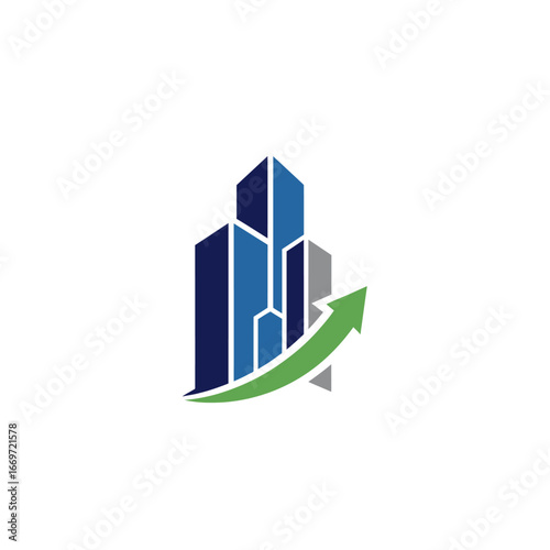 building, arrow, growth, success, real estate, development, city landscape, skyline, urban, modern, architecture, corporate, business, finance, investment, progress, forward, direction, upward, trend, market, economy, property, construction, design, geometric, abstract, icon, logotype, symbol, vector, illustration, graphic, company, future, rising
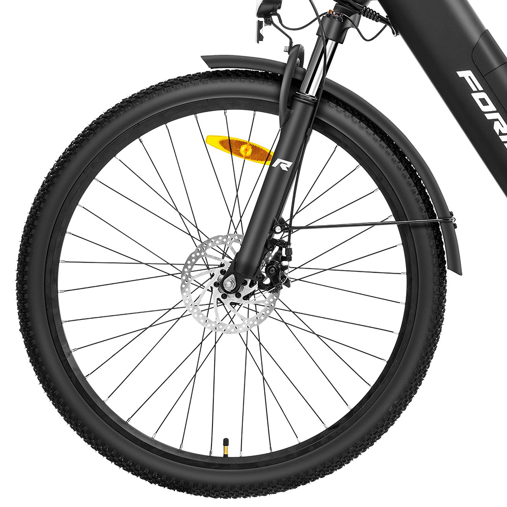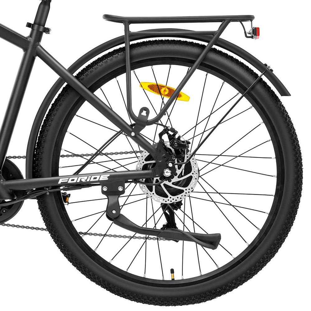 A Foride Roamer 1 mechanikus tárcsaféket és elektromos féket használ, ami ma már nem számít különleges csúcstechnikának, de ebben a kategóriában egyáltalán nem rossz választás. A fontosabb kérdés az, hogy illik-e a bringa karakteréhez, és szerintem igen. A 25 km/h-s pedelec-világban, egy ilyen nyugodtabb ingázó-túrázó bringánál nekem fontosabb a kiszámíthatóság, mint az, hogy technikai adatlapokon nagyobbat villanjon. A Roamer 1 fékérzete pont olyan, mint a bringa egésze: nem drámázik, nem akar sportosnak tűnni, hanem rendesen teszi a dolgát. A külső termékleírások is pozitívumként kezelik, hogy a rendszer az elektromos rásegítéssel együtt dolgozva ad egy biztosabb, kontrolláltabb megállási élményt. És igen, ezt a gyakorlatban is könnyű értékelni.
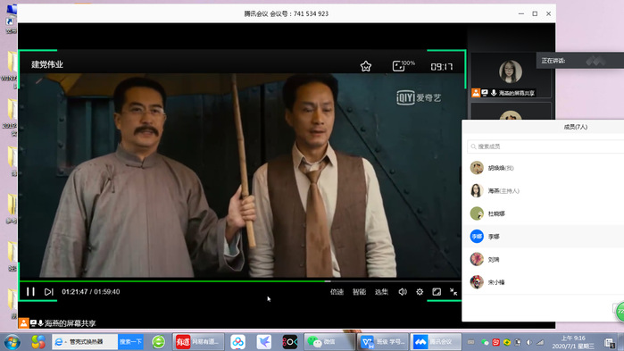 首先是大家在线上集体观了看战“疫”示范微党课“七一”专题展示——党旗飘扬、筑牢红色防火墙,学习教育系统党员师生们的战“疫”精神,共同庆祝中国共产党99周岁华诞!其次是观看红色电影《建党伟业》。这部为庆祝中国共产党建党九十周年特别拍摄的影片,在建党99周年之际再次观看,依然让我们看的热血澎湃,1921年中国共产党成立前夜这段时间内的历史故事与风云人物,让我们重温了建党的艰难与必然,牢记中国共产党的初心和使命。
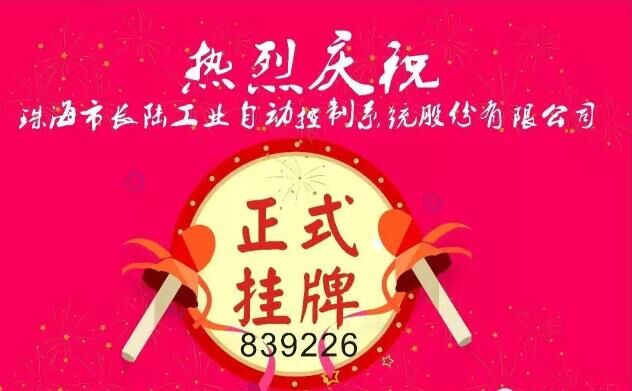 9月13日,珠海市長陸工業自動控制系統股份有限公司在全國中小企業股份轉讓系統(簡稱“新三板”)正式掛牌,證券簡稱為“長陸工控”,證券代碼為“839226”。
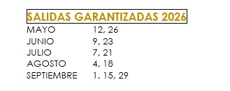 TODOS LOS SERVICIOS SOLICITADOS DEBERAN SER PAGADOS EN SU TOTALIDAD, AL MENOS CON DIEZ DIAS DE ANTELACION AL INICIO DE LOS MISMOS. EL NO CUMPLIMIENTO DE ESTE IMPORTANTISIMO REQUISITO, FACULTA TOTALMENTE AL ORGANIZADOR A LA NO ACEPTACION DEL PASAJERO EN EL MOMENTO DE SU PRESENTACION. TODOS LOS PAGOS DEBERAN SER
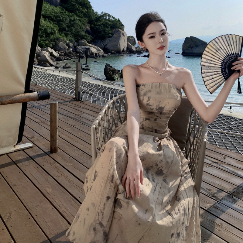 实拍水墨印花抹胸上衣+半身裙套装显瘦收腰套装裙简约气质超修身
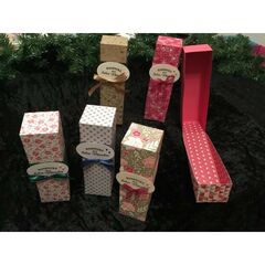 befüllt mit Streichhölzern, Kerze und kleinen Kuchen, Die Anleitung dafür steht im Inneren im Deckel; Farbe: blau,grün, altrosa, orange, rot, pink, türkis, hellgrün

════════════════

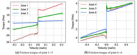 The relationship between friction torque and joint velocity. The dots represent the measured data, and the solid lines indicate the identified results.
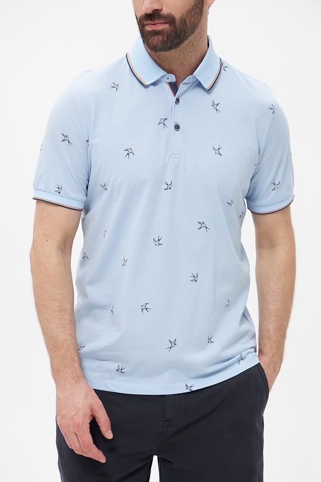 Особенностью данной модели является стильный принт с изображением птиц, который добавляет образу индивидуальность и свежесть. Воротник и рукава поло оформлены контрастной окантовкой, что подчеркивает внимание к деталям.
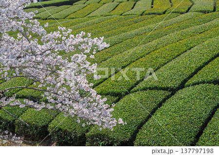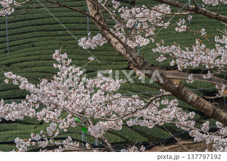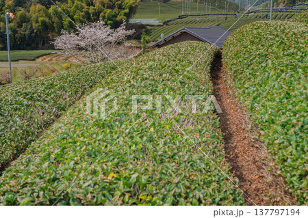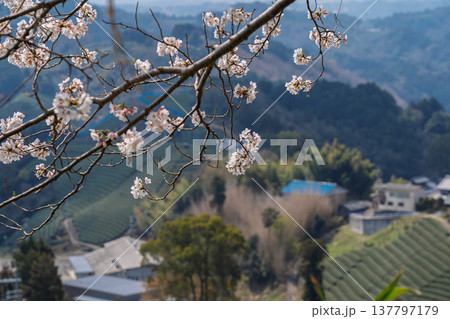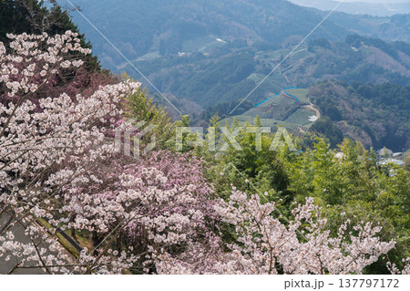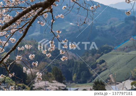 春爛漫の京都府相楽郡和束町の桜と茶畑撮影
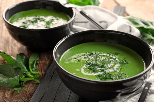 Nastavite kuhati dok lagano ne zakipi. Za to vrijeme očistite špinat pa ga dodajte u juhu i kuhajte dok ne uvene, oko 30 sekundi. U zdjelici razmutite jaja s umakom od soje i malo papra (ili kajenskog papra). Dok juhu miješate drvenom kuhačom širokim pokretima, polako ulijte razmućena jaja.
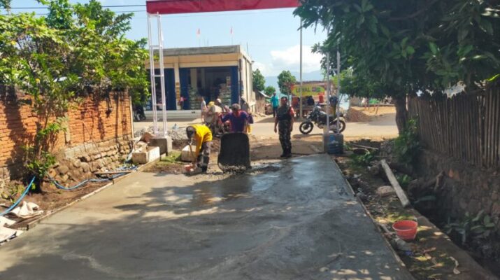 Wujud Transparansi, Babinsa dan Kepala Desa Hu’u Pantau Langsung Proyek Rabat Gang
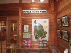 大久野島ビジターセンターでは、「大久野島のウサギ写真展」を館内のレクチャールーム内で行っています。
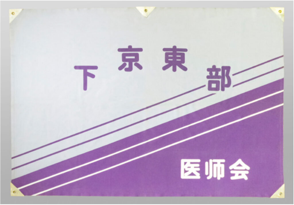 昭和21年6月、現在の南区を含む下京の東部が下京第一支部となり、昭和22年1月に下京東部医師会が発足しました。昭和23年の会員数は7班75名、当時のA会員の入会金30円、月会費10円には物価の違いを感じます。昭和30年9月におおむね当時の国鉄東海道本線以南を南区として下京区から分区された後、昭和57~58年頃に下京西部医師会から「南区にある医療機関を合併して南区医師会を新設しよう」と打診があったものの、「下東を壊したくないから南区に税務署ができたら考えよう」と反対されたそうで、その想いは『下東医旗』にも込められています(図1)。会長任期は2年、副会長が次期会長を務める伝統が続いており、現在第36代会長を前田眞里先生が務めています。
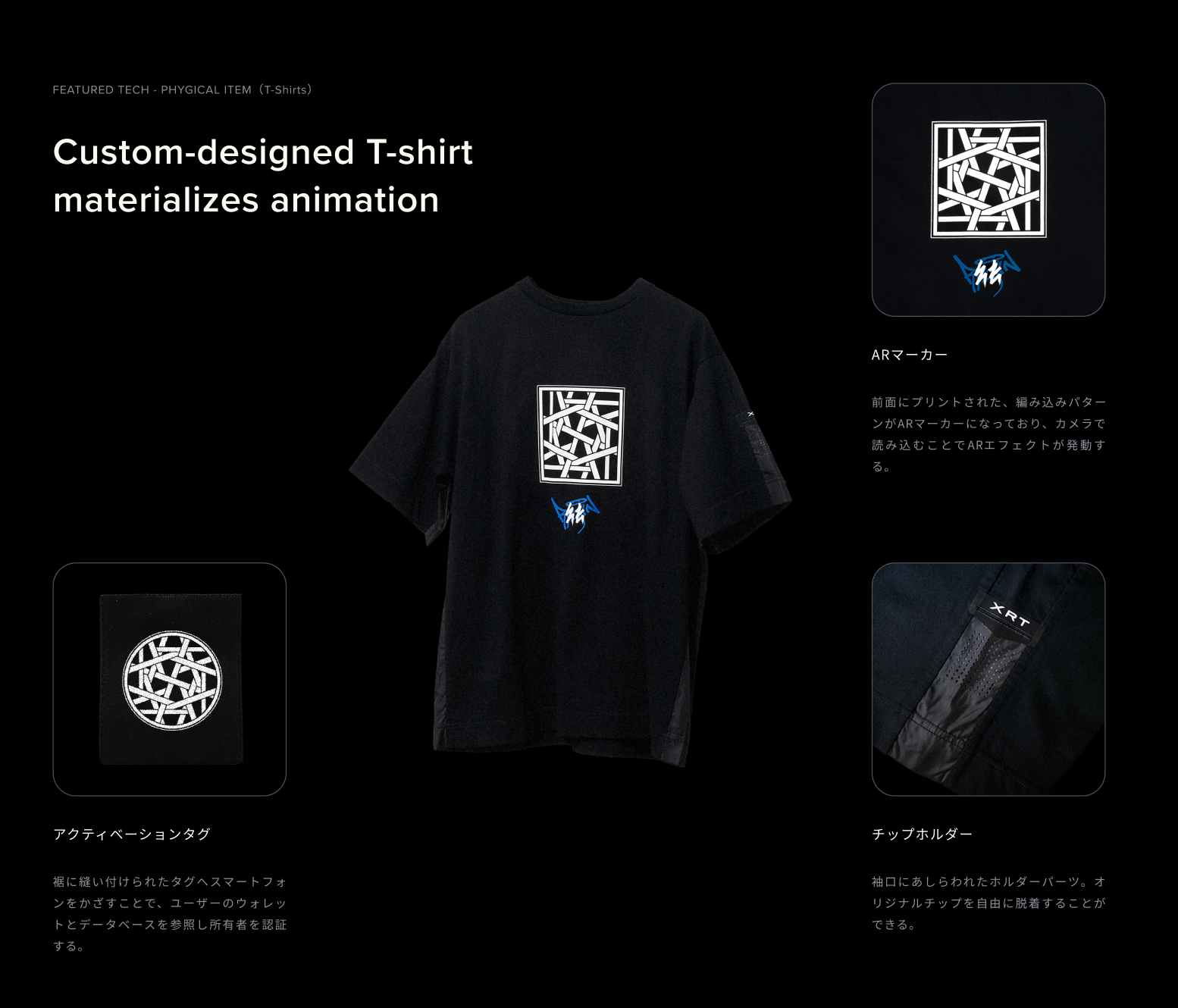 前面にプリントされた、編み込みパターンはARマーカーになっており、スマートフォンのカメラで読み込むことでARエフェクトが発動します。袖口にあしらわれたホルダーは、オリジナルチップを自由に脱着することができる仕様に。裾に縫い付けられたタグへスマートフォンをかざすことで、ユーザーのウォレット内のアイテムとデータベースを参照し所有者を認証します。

════════════════

:: TASK ITEM ::
Only one stretch of the material above is wanted: the line containing "building, arrow, growth, success, real" through the line containing "befüllt mit Streichhölzern, Kerze". Restate it word for word, minus the pictures.

:: ANSWER BOX ::
 building, arrow, growth, success, real estate, development, city landscape, skyline, urban, modern, architecture, corporate, business, finance, investment, progress, forward, direction, upward, trend, market, economy, property, construction, design, geometric, abstract, icon, logotype, symbol, vector, illustration, graphic, company, future, rising
 A Foride Roamer 1 mechanikus tárcsaféket és elektromos féket használ, ami ma már nem számít különleges csúcstechnikának, de ebben a kategóriában egyáltalán nem rossz választás. A fontosabb kérdés az, hogy illik-e a bringa karakteréhez, és szerintem igen. A 25 km/h-s pedelec-világban, egy ilyen nyugodtabb ingázó-túrázó bringánál nekem fontosabb a kiszámíthatóság, mint az, hogy technikai adatlapokon nagyobbat villanjon. A Roamer 1 fékérzete pont olyan, mint a bringa egésze: nem drámázik, nem akar sportosnak tűnni, hanem rendesen teszi a dolgát. A külső termékleírások is pozitívumként kezelik, hogy a rendszer az elektromos rásegítéssel együtt dolgozva ad egy biztosabb, kontrolláltabb megállási élményt. És igen, ezt a gyakorlatban is könnyű értékelni.
 首先是大家在线上集体观了看战“疫”示范微党课“七一”专题展示——党旗飘扬、筑牢红色防火墙,学习教育系统党员师生们的战“疫”精神,共同庆祝中国共产党99周岁华诞!其次是观看红色电影《建党伟业》。这部为庆祝中国共产党建党九十周年特别拍摄的影片,在建党99周年之际再次观看,依然让我们看的热血澎湃,1921年中国共产党成立前夜这段时间内的历史故事与风云人物,让我们重温了建党的艰难与必然,牢记中国共产党的初心和使命。
 9月13日,珠海市長陸工業自動控制系統股份有限公司在全國中小企業股份轉讓系統(簡稱“新三板”)正式掛牌,證券簡稱為“長陸工控”,證券代碼為“839226”。
 TODOS LOS SERVICIOS SOLICITADOS DEBERAN SER PAGADOS EN SU TOTALIDAD, AL MENOS CON DIEZ DIAS DE ANTELACION AL INICIO DE LOS MISMOS. EL NO CUMPLIMIENTO DE ESTE IMPORTANTISIMO REQUISITO, FACULTA TOTALMENTE AL ORGANIZADOR A LA NO ACEPTACION DEL PASAJERO EN EL MOMENTO DE SU PRESENTACION. TODOS LOS PAGOS DEBERAN SER
 实拍水墨印花抹胸上衣+半身裙套装显瘦收腰套装裙简约气质超修身
 befüllt mit Streichhölzern, Kerze und kleinen Kuchen, Die Anleitung dafür steht im Inneren im Deckel; Farbe: blau,grün, altrosa, orange, rot, pink, türkis, hellgrün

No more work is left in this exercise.